The bigger question is whether the information surrounding Blueprint gives it enough reason to believe us.

And that's probably a useful question for any company to ask.

What would AI conclude about you?

Forget ChatGPT for a minute.

Imagine an incredibly well-informed salesperson researching your company before deciding whether to recommend you to their best customer.

They read your website.

Study the product.

Listen to customers.

Watch demonstrations.

Look for independent opinions.

Compare you with the alternatives.

Then they have to make a recommendation.

What conclusion would all of that evidence lead them to?

More importantly:

Is it the conclusion you want?

That's the audit we'd start with.

Because you can't simply tell ChatGPT to make you its favorite recommendation.

But you can pay attention to the information environment it may have available when making that recommendation.

And then you can start strengthening the parts you actually control.

Find out whether AI is already selling for you

Before you rebuild your entire content strategy around AI...

Find out whether it's already creating customers.

That's what made this question interesting to us in the first place.

Hundreds of purchases connected to ChatGPT were already sitting in the data.

Blueprint helps marketing teams connect the sources influencing customers to the business outcomes that actually matter.

So before you start guessing what ChatGPT wants...

See what it's already doing.

See Where Your Customers Are Really Coming From

FAQ

How does ChatGPT decide which products to recommend?

There isn't one publicly documented ranking factor that determines which products ChatGPT recommends. OpenAI says shopping results can consider the user's query and context, structured metadata from first- and third-party providers, and other third-party content. Its shopping research can also use merchant product data, publicly available product information and other retail sources.

Can a company pay to rank higher in ChatGPT product recommendations?

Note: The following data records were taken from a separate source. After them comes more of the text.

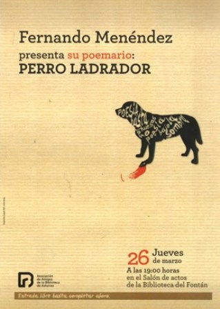 El jueves 26 de marzo, a las 19:00 horas, el Salón de Actos de la Biblioteca de Asturias «Ramón Pérez de Ayala», acogerá la presentación del nuevo poemario de Fernando Menéndez, Perro ladrador de la editorial La Baragaña.
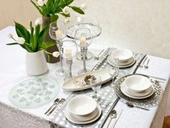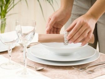 Es ist notwendig, das Geschirr sorgfältig und langsam anzuordnen, da es aus zerbrechlichem Material hergestellt wird. Orte zum Servieren von Tellern sollten sehr sorgfältig ausgewählt und auf die gleiche Linie gestellt werden, damit sich die Gäste während der Feier nicht gegenseitig stören.
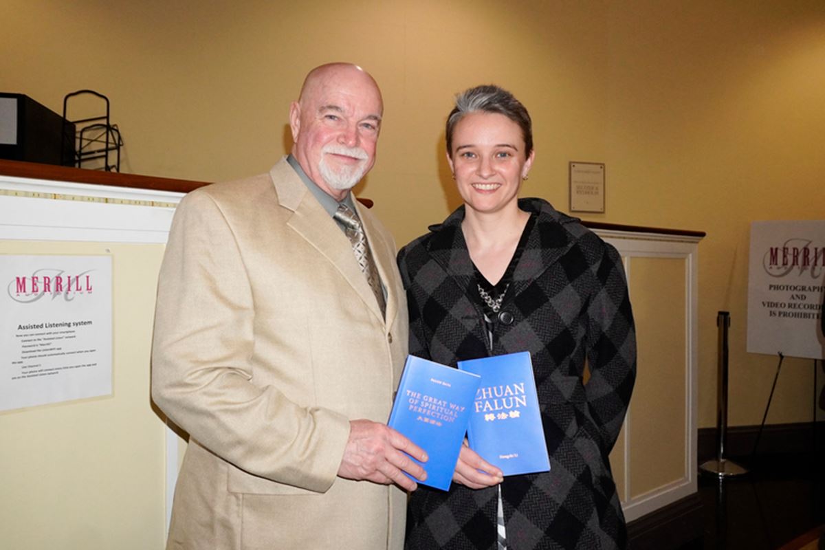 '图4:二零二五年四月一日,美国一家网站设计公司的创始人兼执行长乔治娅·克恩(Georgia King)和先生、退役空军上尉克利夫·克恩(Cliff King)在缅因州波特兰欣赏了神韵演出后,对法轮大法非常感兴趣,立即购买了法轮大法的相关书籍。(大纪元)'
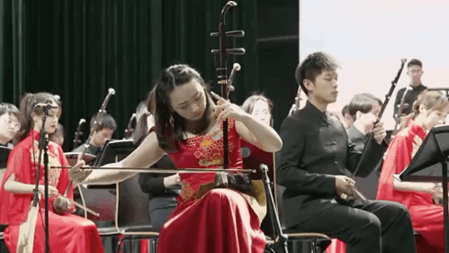 随后,乐团演绎了《唱支山歌给党听》、《长城随想》两首大乐队作品。正值建党百年之际,为契合音乐会主题,我校学生民乐团深情演绎了这首由上海实验歌舞剧院著名作曲家朱践耳先生改编的作品,用音乐为党颂歌;接着,同学们在周橙老师的带领下演绎了经典曲目《长城随想》,这是一首刘文金先生创作的二胡协奏曲,全曲气势雄浑,不仅继承了优秀的民间音乐元素和戏曲音乐元素,同时还借鉴了西洋作曲技法,保持了浓郁的民族风格,通过乐团的精彩演绎,展现了华夏神韵。
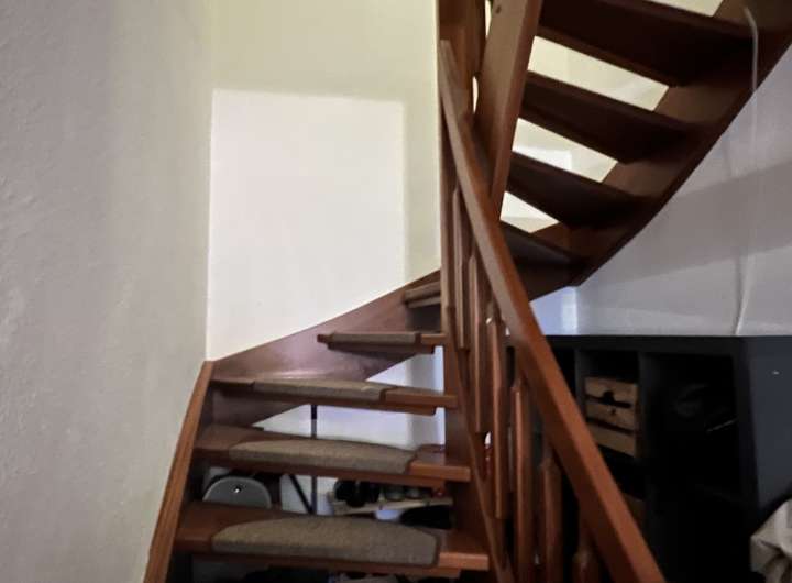 Vom Wohnzimmer führt eine Treppe in das ausgebaute Dachgeschoss.
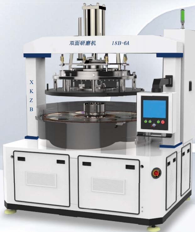 本機型為四電機拖動的18 B雙面研磨設備,可裝載6個13 B的游星輪,主要用于碳化硅、藍寶石、砷化鎵、陶瓷片、晶體、半導體等硬脆材料平行平面的高精度雙面研磨加工, 也可用于手機面板玻璃、車載玻璃及各種觸摸屏面板的雙面研磨加工; 尤其對于大直徑、超薄工件的加工具有明顯的優勢。
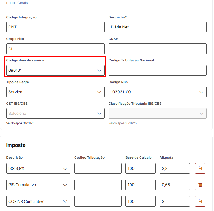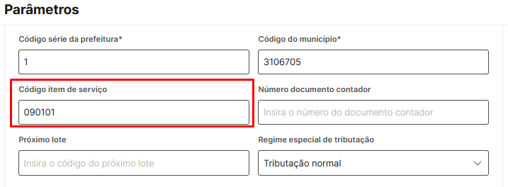 (informação) O código de tributação precisa estar vazio e o código item de serviço precisa estar como 090101, conforme exemplos acima.

OpenAI says the product results in ChatGPT's organic shopping experience are selected independently and are not ads or influenced by OpenAI partnerships. OpenAI separately offers advertising products, but those are distinct from organic product results.

Does my website matter for ChatGPT recommendations?

Yes, but it is not necessarily the only available source of information. OpenAI's shopping research can use merchant product data, public product information and other relevant retail sources, while its shopping results can incorporate structured metadata and third-party content. That means clear, accurate information on your own properties remains important while other publicly available information may add context.

Do customer reviews matter for AI product discovery?

They can. OpenAI says reviews can be among the factors considered for product relevance, and ChatGPT can generate review summaries using reviews from public websites. Reviews can be especially useful because they contain customer experiences, benefits, drawbacks and use cases that may not appear in a manufacturer's own description.

Should marketers create content specifically for AI?

Useful, accessible content can make more information about a company or product available to search and AI systems, but there is no documented secret content format that guarantees recommendations. The stronger principle is to make the product easy to understand, accurately represented and supported by substantive information rather than trying to manufacture content solely for an algorithm.